• Exercise brief:
Pictures should be omitted; restate word for word the lines from the one holding "- Display Turn" through the last line of the entries below.

• Records drawn from a dataset:
○ ○ ○ ○

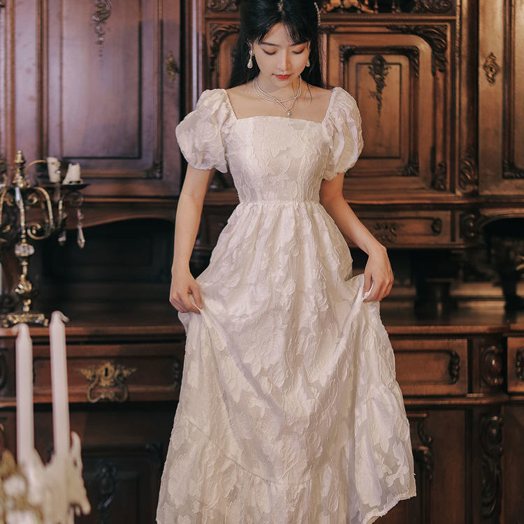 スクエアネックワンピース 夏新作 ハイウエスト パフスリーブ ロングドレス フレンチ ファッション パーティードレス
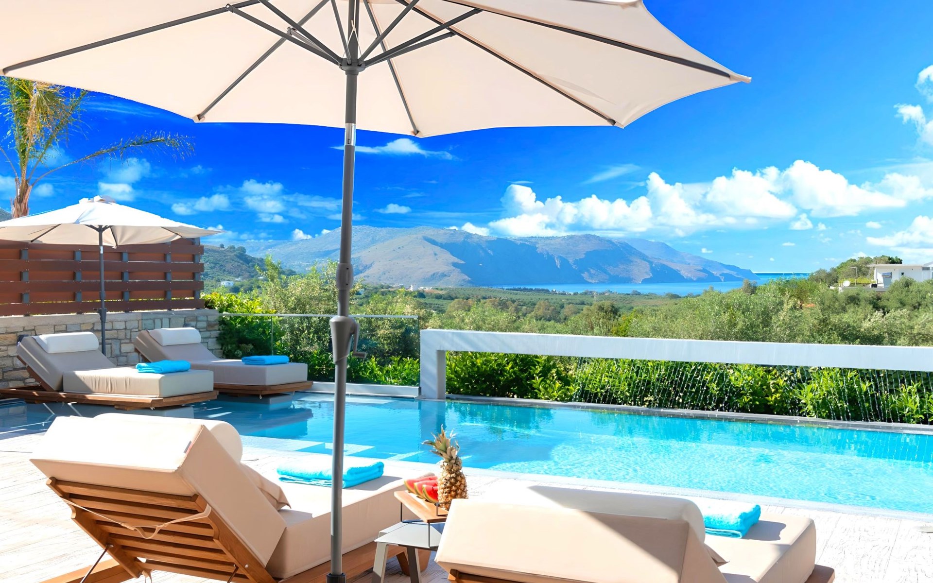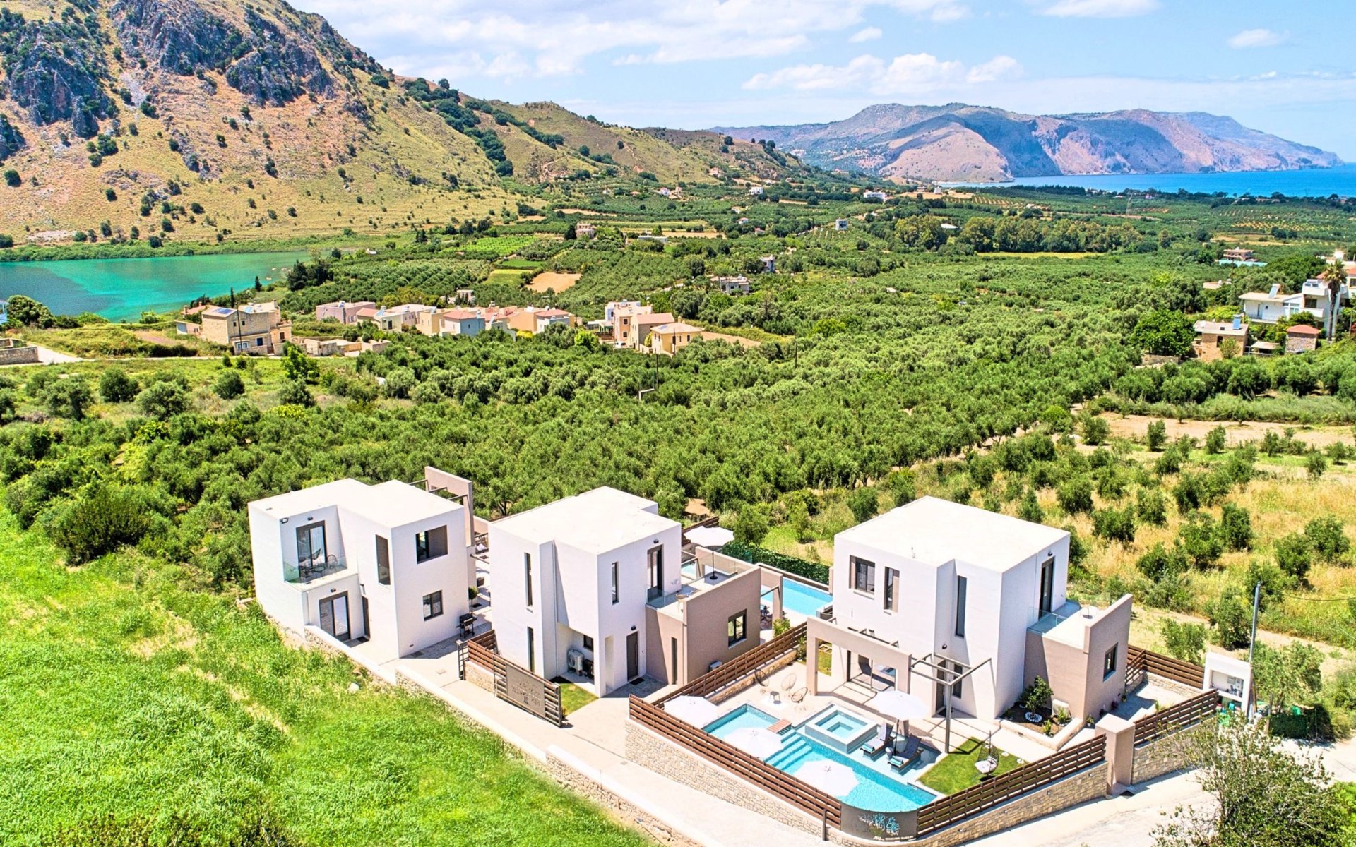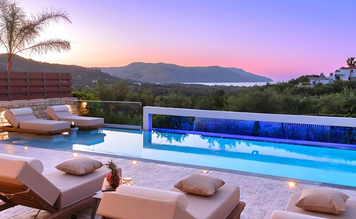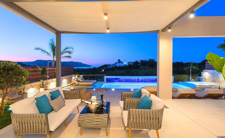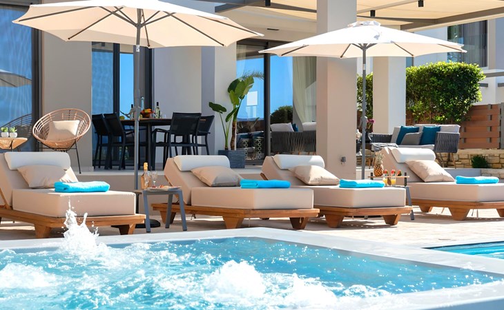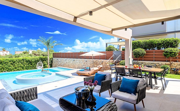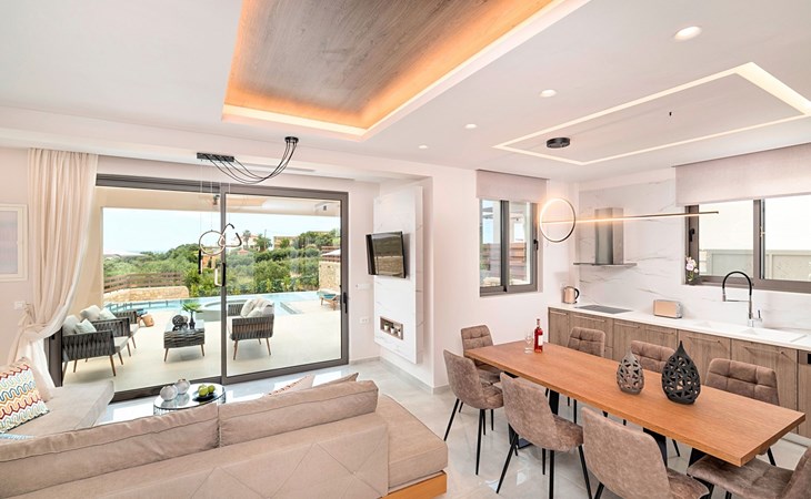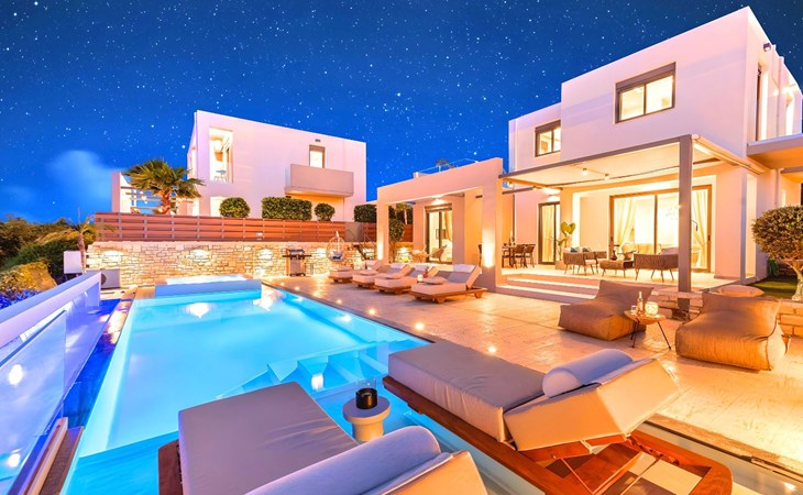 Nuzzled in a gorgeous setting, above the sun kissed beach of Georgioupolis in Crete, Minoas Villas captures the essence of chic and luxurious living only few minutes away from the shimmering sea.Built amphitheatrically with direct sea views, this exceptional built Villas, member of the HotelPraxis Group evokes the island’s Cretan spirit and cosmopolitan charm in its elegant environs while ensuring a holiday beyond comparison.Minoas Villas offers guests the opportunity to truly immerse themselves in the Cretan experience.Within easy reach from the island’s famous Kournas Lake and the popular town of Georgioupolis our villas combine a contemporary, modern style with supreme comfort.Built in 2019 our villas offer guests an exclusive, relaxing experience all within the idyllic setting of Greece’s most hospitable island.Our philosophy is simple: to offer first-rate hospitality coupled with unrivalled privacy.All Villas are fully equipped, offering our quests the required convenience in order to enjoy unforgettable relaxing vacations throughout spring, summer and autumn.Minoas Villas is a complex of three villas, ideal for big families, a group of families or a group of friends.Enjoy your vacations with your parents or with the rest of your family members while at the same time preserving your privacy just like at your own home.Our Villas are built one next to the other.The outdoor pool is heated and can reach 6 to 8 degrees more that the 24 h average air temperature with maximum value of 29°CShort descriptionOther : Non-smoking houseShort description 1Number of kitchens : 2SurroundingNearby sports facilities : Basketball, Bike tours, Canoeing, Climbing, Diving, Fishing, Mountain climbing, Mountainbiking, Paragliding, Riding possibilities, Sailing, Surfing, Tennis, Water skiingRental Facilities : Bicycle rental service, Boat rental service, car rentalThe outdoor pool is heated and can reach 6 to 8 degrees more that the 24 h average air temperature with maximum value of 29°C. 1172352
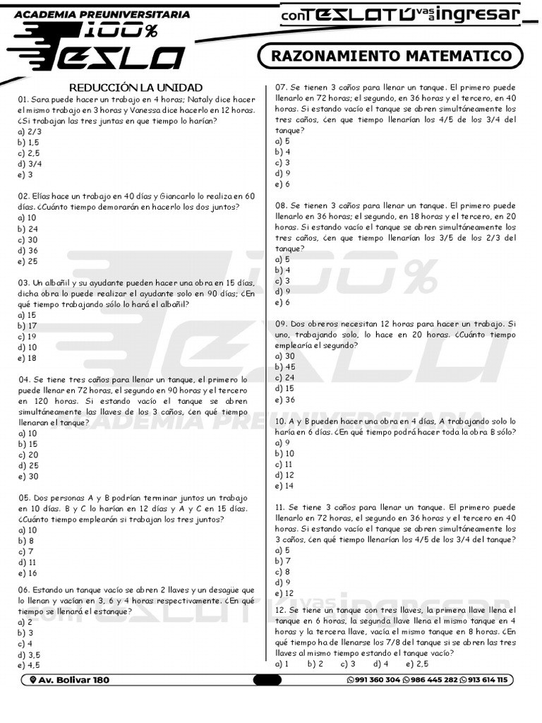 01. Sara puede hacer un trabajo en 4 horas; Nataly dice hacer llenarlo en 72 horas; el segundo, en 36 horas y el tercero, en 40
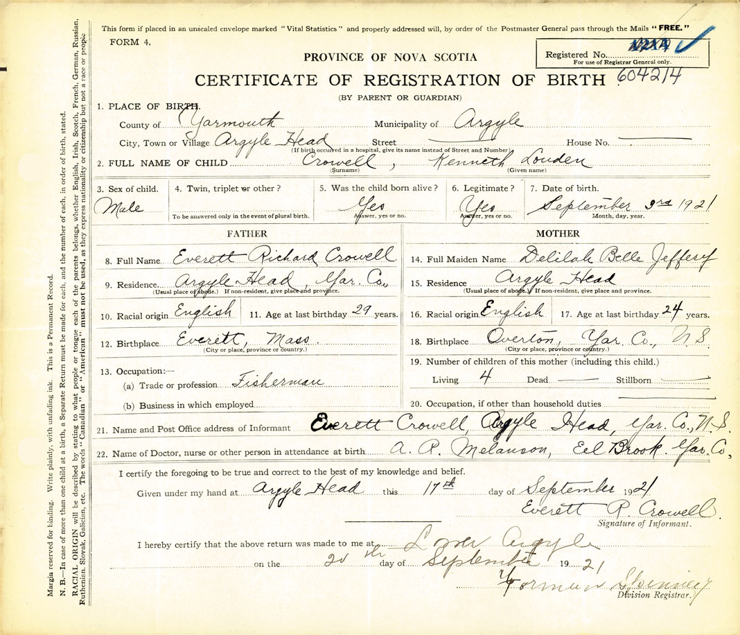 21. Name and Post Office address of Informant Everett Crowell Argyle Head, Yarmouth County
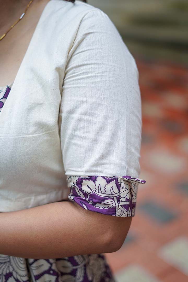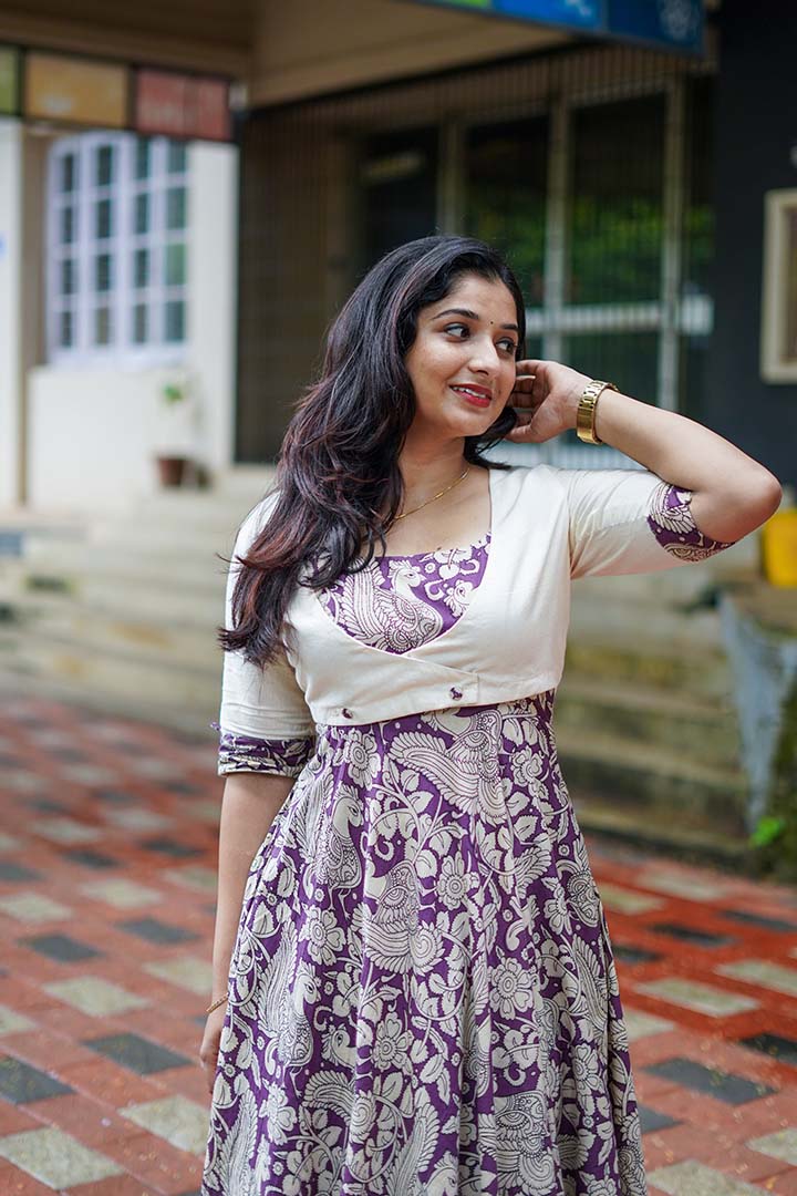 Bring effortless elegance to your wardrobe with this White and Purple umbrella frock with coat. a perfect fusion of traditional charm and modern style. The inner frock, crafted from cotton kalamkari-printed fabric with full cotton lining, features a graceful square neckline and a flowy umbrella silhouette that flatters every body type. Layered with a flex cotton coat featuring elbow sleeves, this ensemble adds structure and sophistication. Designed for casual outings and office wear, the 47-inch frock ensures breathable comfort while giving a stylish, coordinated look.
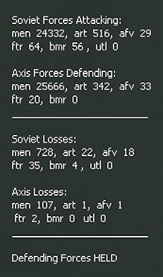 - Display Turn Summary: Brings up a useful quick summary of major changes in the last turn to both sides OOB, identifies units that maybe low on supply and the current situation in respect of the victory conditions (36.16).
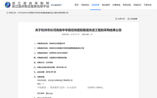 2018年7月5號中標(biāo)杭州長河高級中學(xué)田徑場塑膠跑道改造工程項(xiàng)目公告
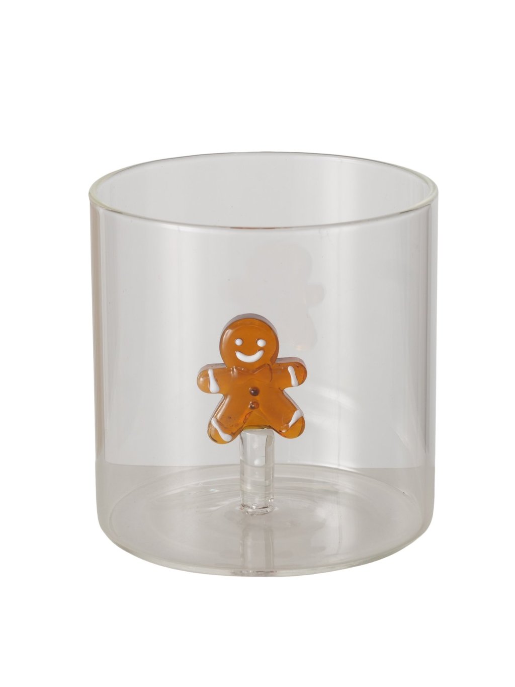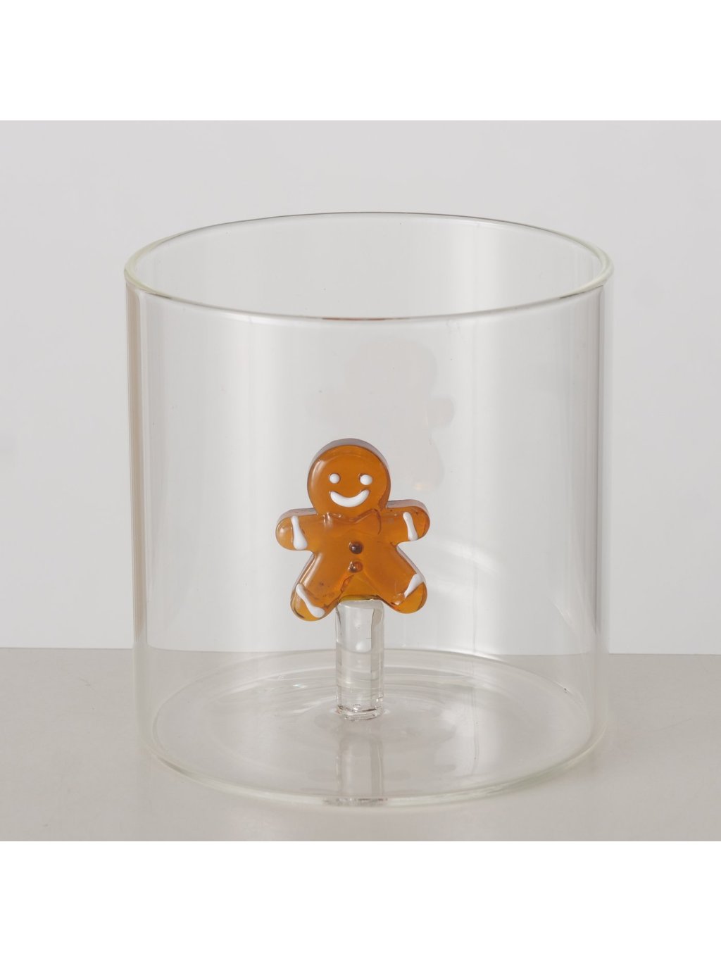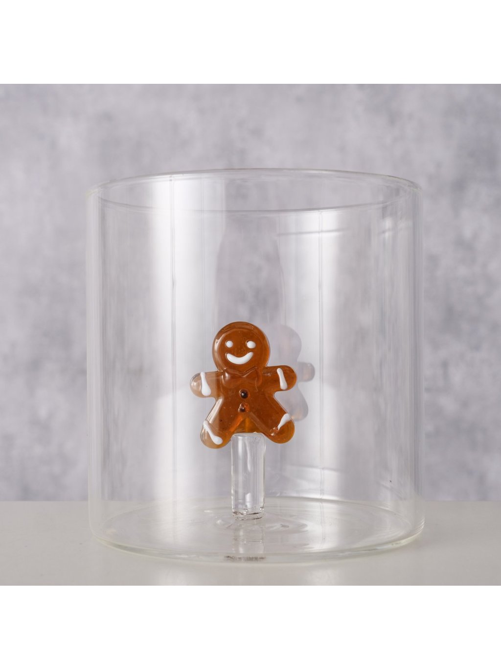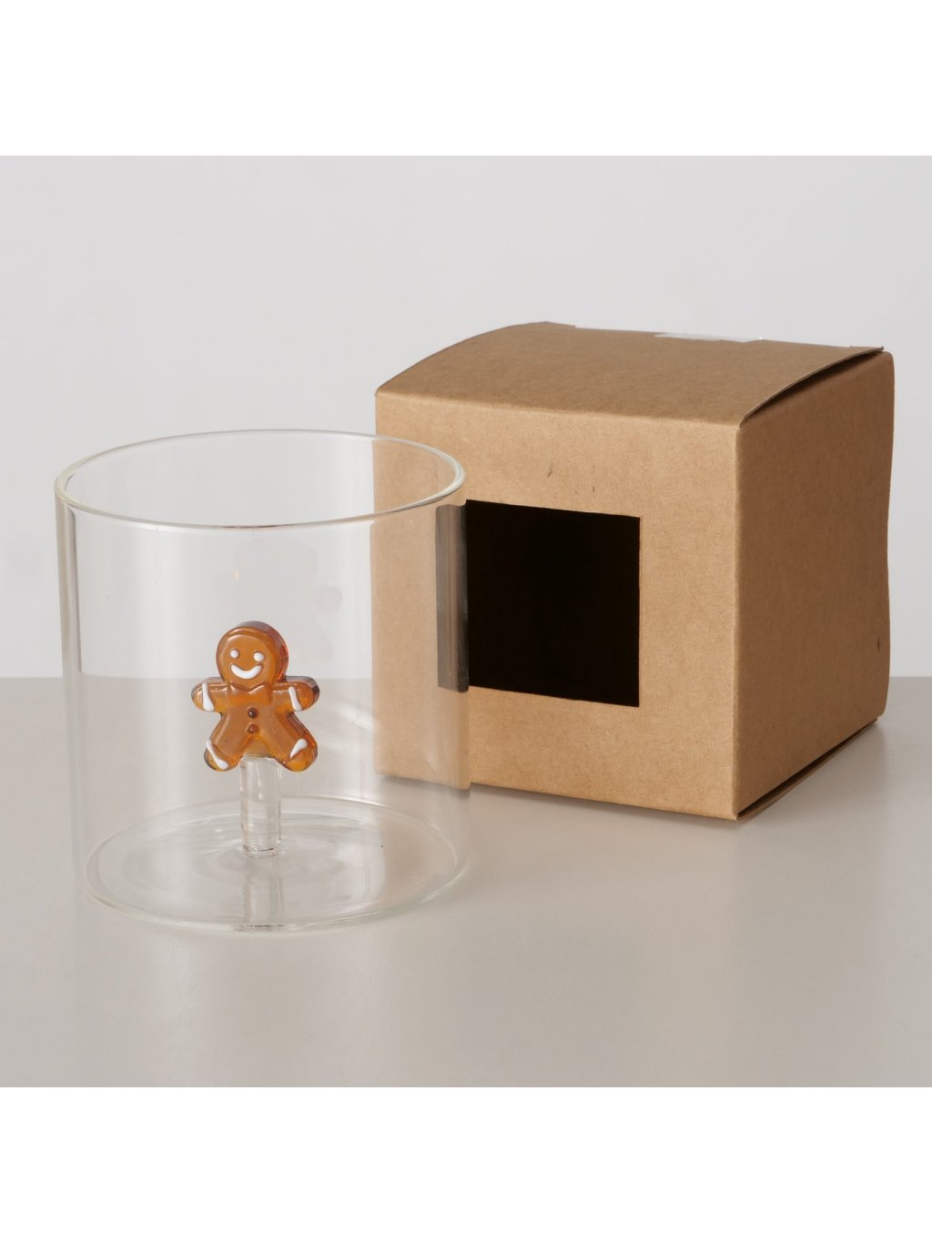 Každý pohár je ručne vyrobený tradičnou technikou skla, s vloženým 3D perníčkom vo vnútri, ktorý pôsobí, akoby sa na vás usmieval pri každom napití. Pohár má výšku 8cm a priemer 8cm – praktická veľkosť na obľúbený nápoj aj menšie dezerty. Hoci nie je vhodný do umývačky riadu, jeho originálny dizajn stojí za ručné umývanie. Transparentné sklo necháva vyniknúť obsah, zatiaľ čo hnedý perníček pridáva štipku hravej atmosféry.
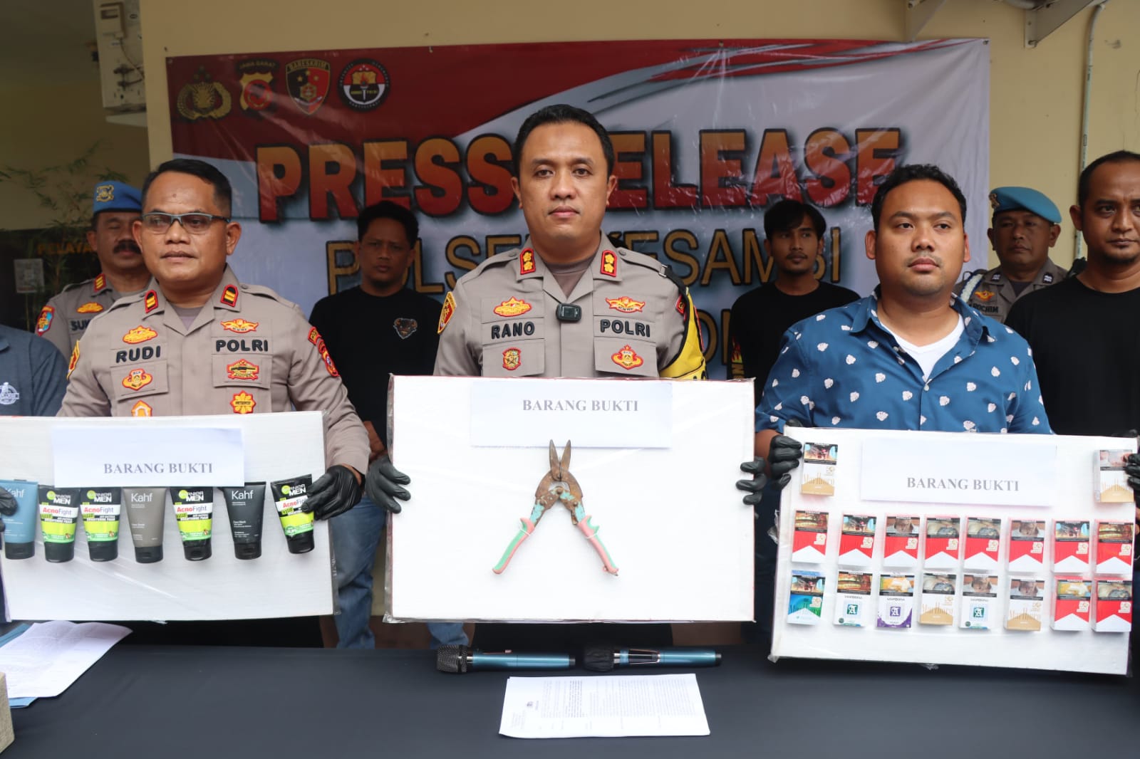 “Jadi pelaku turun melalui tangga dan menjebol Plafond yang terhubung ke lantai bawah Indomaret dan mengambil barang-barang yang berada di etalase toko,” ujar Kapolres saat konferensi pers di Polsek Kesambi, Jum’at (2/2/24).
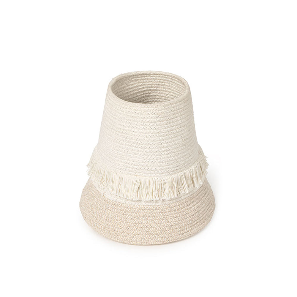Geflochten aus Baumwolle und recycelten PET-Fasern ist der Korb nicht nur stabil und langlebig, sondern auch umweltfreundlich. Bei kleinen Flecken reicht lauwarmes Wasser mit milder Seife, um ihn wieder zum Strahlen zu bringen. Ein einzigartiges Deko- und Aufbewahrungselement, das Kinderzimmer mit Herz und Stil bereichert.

○ ○ ○ ○

• Written solution:
 - Display Turn Summary: Brings up a useful quick summary of major changes in the last turn to both sides OOB, identifies units that maybe low on supply and the current situation in respect of the victory conditions (36.16).
 2018年7月5號中標(biāo)杭州長河高級中學(xué)田徑場塑膠跑道改造工程項(xiàng)目公告
 Každý pohár je ručne vyrobený tradičnou technikou skla, s vloženým 3D perníčkom vo vnútri, ktorý pôsobí, akoby sa na vás usmieval pri každom napití. Pohár má výšku 8cm a priemer 8cm – praktická veľkosť na obľúbený nápoj aj menšie dezerty. Hoci nie je vhodný do umývačky riadu, jeho originálny dizajn stojí za ručné umývanie. Transparentné sklo necháva vyniknúť obsah, zatiaľ čo hnedý perníček pridáva štipku hravej atmosféry.
 “Jadi pelaku turun melalui tangga dan menjebol Plafond yang terhubung ke lantai bawah Indomaret dan mengambil barang-barang yang berada di etalase toko,” ujar Kapolres saat konferensi pers di Polsek Kesambi, Jum’at (2/2/24).
Geflochten aus Baumwolle und recycelten PET-Fasern ist der Korb nicht nur stabil und langlebig, sondern auch umweltfreundlich. Bei kleinen Flecken reicht lauwarmes Wasser mit milder Seife, um ihn wieder zum Strahlen zu bringen. Ein einzigartiges Deko- und Aufbewahrungselement, das Kinderzimmer mit Herz und Stil bereichert.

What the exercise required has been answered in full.